●古風な博物館
帝都の歴史物が保管され展示している博物館があった。その博物館自体は二百年前程に作られ今もなおその姿を残している歴史的建造物でもある。
書物や絵画、小物や武器、様々な文化財が保管されたその博物館は一般の利用者が多数居るとても人気な博物館だった。
そこを訪れるのは影朧甲冑と幻朧戦線の人達だ。
「大正の歴史なぞ保存の意味がない!」
「壊せ!」
「歴史が我らを守ったことがあるか?」
「無い!」
「意味の無い物など壊してしまえ!」
青年の凛とした声が幻朧戦線の人々を鼓舞するように声を上げる。
影朧甲冑を着ている男が、幻朧戦線が、その手を博物館へと向けた。
破壊し、破滅を誘う、その手を。
●
「…急ぎ、サクラミラージュへ行ってくれ」
マスクをした少年、樋島・奏弥(ノイズ・f23269)はぐっと拳を握りながらも荒くなる息を抑えた。
「敵は幻朧戦線。大正の時代を否定する一般人の集団だ。…ただ、その武器が問題だ。グラッジ弾の事は、皆色んな場面で聞いた事があるかもしれない。恨みをばら撒き影朧を呼び寄せる弾だ。…これだけでも十分脅威だと言える。だが…今回は」
奏弥は己の見た予知の凄惨さに一息呼吸をしまた話しだした。
「影朧甲冑…サクミラージュの大戦期に【最も非人道的】とされ禁じられた影朧兵器だ。
影朧を燃料に動く動力甲冑で、操縦する人間を必要としている。…しかし、これを纏った人間は影朧の呪いを受ける。…一生甲冑から降りれない。…降りると死ぬ、んだそうだ。
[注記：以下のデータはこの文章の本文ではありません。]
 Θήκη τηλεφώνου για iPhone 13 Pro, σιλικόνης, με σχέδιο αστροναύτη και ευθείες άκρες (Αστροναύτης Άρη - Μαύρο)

…それ程までの兵器、簡単には倒せないだろう。…だが、貴方達なら倒せると、信じている」
それは猟兵達への信頼。サクラミラージュを守ろうとしてくれている猟兵達のことを奏弥は沢山知っている。
「…現れる場所は帝都の博物館。俺が貴方達をテレポートさせるのは博物館の前だ。既に敵は中へ入り込み行動を開始している。グラッジ弾を持った幻朧戦線が何人か居る。首に黒い鉄の首輪をしているから、解ると思う。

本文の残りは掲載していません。